Registered report: the microRNA miR-34a inhibits prostate cancer stem cells and metastasis by directly repressing CD44

1) The first author of the original study felt that the authors of this report understand the central hypothesis of the original study, and designed/chose three major and critical experiments to support the central hypothesis. However the referee expressed concern about the rationale for choosing LAPC4 as their only model to perform the replication experiments. Using an additional model like DU145, as was done in the original study, would be important.

We agree that all of the experiments included in the original study are important, and choosing which experiments to replicate has been one of the great challenges of this project. The Reproducibility Project: Cancer Biology (RP:CB) aims to replicate experiments that are impactful, but does not necessarily aim to replicate all the impactful experiments in any given paper. In this case, the RP:CB core team felt that the most impactful information in Liu et al., 2011 was performed in the LAPC4 model. We also agree the DU145 model, as well as the LAPC9 model, were important in contributing to the overall conclusions, however we are attempting to identify a balance of breadth of sampling for general inference with sensible investment of resources on replication projects to determine to what extent the included experiments are reproducible. As such, we will restrict our analysis to the experiments being replicated and will not include discussion of experiments not being replicated in this study.

2) Much of the confusion about miR-34a functions stem from the drastic differences between the gain-of-function phenotypes and the loss of function phenotypes. Overexpression of miR-34a invariably gives rise to strong tumor suppressive effects in multiple cell lines, while miR-34a null in mice yield very little tumor suppressor effects in vivo. Surprisingly, a number of studies, including the one reported by Liu et al., show a strong effect of anti-34a. Thus, two of the referees would like to request experiments to reproduce some of the anti-34a experiments reported in the original study, such as Figure 1J. These experiments were central to the conclusions drawn by Liu et al:

2A) Systemic miR-34 delivery inhibits prostate cancer metastasis and extends survival (point made in Abstract and results depicted in main Figure 3B, 3D). This is a key experiment that is central to the conclusion, especially given that this work is published in Nature Medicine with an emphasis on translational relevance.
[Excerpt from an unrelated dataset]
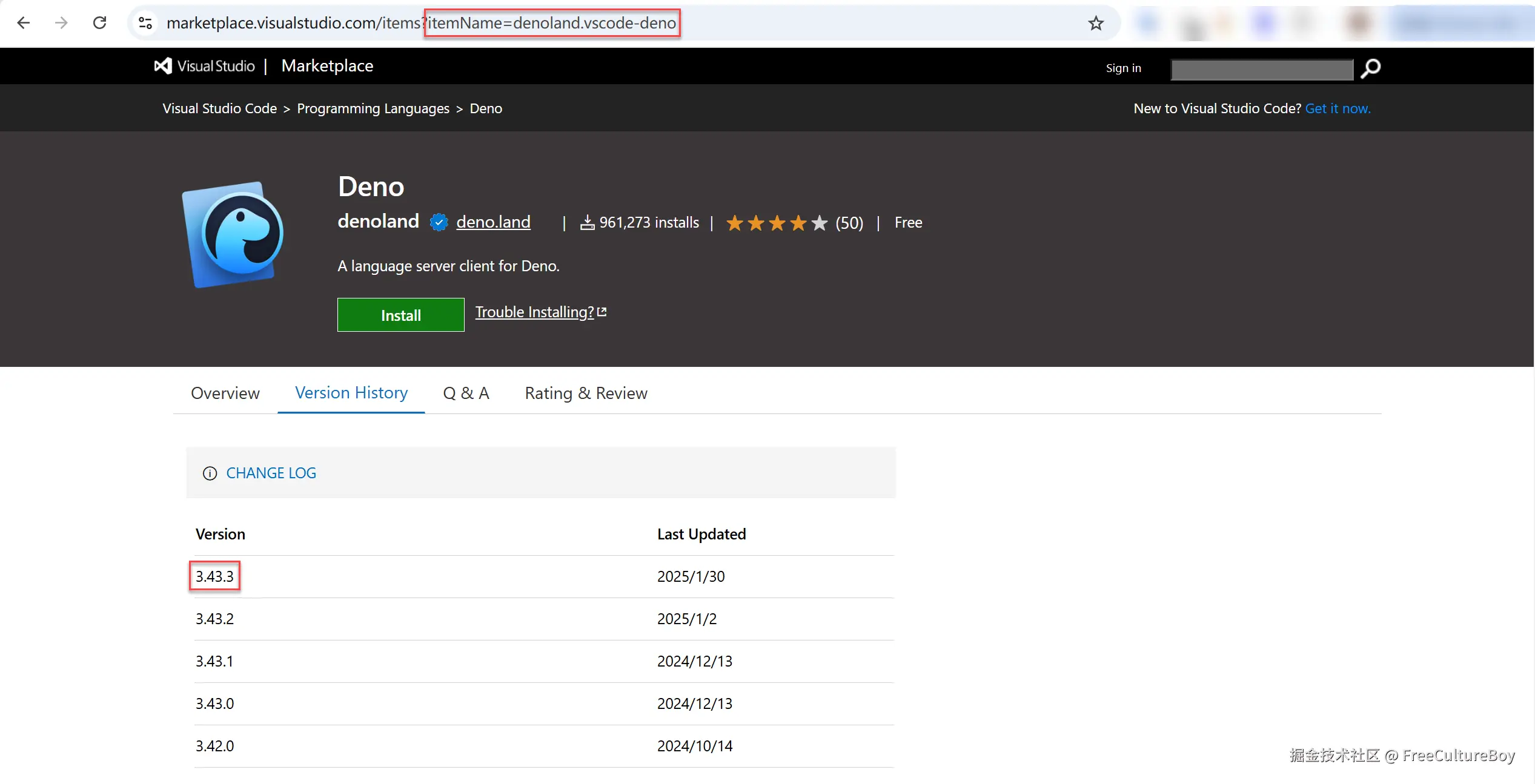 - 结合插件页的 URL 和 Version History 中的信息,提取出以下信息(以 Deno 为例):

2B) Anti-miR34 antagomir increases metastasis relative to a control antagomir (Figure 1J). This is central to the claim that endogenous miR-34a antagonizes prostate cancer metastasis.
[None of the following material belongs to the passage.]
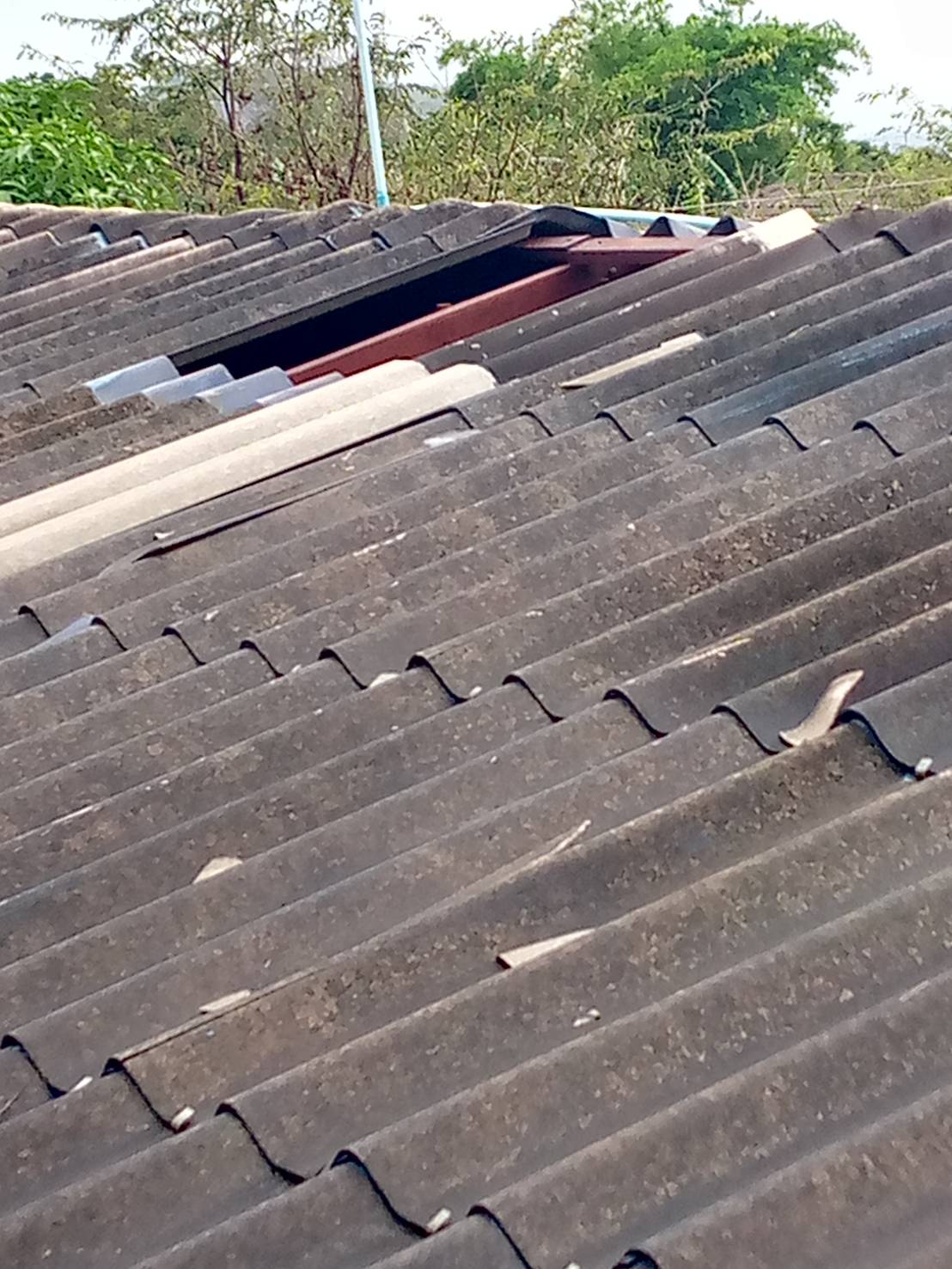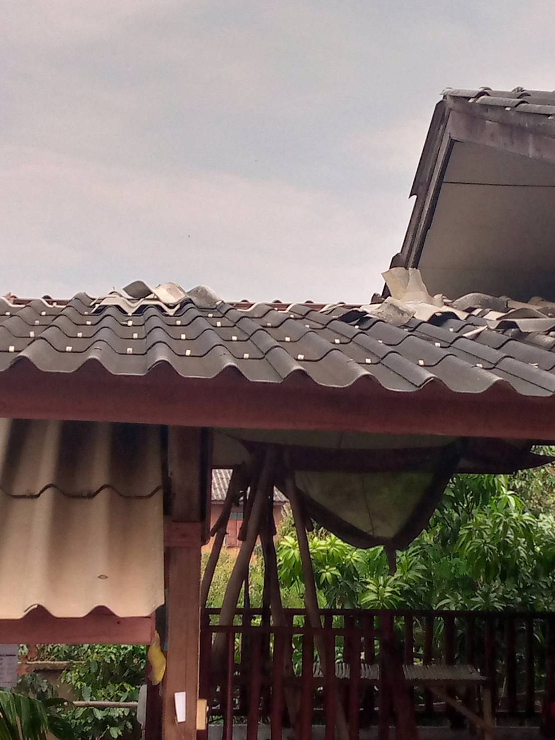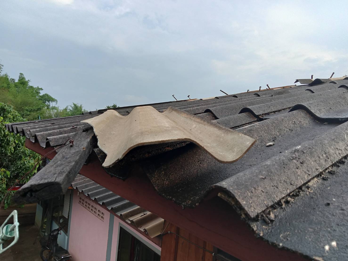 – บ้านชีวิตใหม่ หมู่ที่ 5 เสียหาย 1 ครัวเรือน กระเบื้อง 16 แผ่น ครอบหลังคา 6 แผ่น

2C) CD44 is a direct target f miR-34a in prostate cancer (Figure 4D). The authors show that miR-34a reduces luciferase activity in a reporter assay and that mutagenesis of the miRNA complementary sites abolish this repression. This is another key conclusion of the paper and should be replicated.

We agree that the existing experiments only examine the effect of overexpression of miR-34a. Thus, we have added an additional experiment relating to the identification of CD44 as a target of miR-34a; Figure 4D. Please see Protocol 7 of the updated manuscript for details on this experiment.

3) Given that the sample sizes can be as small as 2 or 3 (for example, protocol 3), I suggest the investigators to pursue exploratory examination of data and possibly non-parametric comparison methods, in addition to the proposed ANOVA methods, at the time of data analysis.

Thank you for this suggestion. At the time of analysis, we will perform the Shapiro–Wilk test and generate a quantile–quantile (q–q) plot to attempt to assess the normality of the data and also perform Levene’s test to assess homoscedasiticity. If the data appears skewed, we will attempt a transformation in order to proceed with the proposed statistical analysis and possibly perform the appropriate non-parametric test. We have also updated the manuscript to address this point.